ASSIGNMENT: Within the records that follow, find every line containing the string "home". Copy those lines.
*** DATA PROVIDED ***
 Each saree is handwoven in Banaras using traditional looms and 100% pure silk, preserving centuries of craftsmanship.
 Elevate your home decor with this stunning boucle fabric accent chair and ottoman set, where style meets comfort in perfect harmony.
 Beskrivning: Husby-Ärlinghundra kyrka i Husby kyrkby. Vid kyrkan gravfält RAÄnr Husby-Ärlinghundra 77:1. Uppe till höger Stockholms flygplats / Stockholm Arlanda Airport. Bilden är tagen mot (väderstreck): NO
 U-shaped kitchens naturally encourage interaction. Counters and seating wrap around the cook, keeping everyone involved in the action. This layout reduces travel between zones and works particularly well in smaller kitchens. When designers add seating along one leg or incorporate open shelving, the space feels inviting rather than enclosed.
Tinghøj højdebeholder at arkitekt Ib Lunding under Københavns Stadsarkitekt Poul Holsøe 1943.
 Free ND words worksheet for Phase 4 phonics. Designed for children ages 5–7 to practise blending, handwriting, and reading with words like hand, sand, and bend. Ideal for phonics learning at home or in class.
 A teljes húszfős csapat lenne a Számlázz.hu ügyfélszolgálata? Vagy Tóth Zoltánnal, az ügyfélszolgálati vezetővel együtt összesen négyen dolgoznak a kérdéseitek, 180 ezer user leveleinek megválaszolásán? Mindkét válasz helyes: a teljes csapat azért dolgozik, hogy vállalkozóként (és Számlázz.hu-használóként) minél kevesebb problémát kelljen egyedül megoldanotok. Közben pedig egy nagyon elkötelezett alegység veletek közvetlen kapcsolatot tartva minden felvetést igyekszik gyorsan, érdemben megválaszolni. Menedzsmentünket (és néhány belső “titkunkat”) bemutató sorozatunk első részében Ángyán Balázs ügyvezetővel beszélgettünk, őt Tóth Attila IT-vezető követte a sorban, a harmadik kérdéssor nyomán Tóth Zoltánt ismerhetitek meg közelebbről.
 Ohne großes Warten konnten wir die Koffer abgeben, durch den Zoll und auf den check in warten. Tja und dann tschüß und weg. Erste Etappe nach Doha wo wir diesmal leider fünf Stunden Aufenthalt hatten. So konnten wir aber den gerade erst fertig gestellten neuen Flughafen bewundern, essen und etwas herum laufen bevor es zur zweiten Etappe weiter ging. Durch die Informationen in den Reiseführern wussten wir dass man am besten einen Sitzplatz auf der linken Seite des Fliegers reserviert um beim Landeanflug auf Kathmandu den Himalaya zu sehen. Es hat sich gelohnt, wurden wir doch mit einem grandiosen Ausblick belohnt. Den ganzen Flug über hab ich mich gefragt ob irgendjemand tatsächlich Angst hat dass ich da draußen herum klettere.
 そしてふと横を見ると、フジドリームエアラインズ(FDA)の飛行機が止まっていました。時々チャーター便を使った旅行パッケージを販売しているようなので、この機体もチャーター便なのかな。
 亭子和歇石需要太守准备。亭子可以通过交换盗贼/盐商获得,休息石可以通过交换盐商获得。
*** End of DATA PROVIDED ***
SOLVED PROBLEM:
 Elevate your home decor with this stunning boucle fabric accent chair and ottoman set, where style meets comfort in perfect harmony.
 Free ND words worksheet for Phase 4 phonics. Designed for children ages 5–7 to practise blending, handwriting, and reading with words like hand, sand, and bend. Ideal for phonics learning at home or in class.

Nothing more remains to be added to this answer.